= List of NCAA Division I men's soccer career assists leaders =

In association football, or soccer, scoring a goal is the only method of scoring. The method of passing the ball to the goalscorer is considered an assist. In National Collegiate Athletic Association (NCAA) Division I soccer, where a player's career is at most four seasons long, it is considered a notable achievement to reach the 40-assist threshold. In even rarer instances, players have reached the 50 and 60-assist plateaus (no player has ever scored 70 or more goals at the Division I level).

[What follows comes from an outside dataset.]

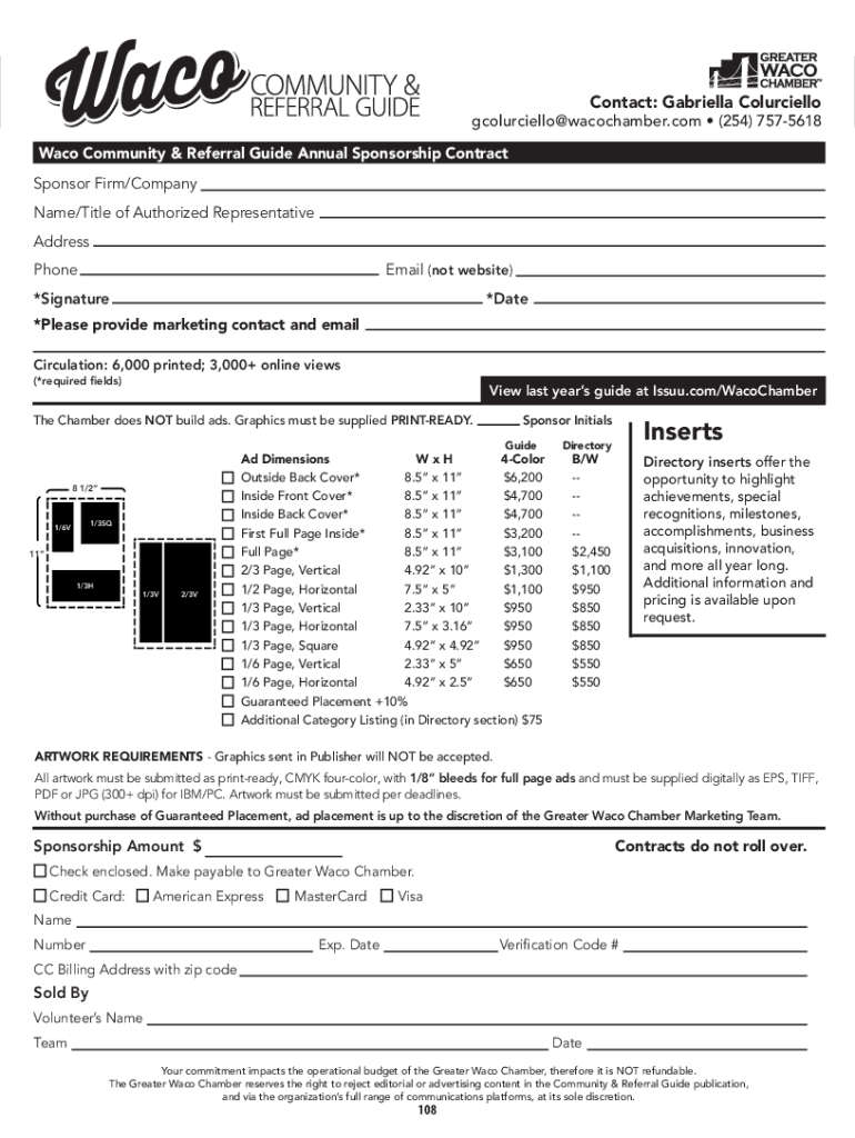 Contact: Gabriella Colurciellogcolurciello@wacochamber.com (254) 7575618 Waco Community & Referral Guide Annual Sponsorship Contract Sponsor Firm/Company Name/Title of Authorized Representative Address

The top 25 highest assisters in NCAA Division I men's soccer history are listed below. The NCAA did not split into its current divisions format until August 1973. From 1959 to 1971, there were no classifications to the NCAA nor its predecessor, the Intercollegiate Soccer Football Association (ISFA). Then, from 1972 to 1973, colleges were classified as either "NCAA University Division (Major College)" or "NCAA College Division (Small College)".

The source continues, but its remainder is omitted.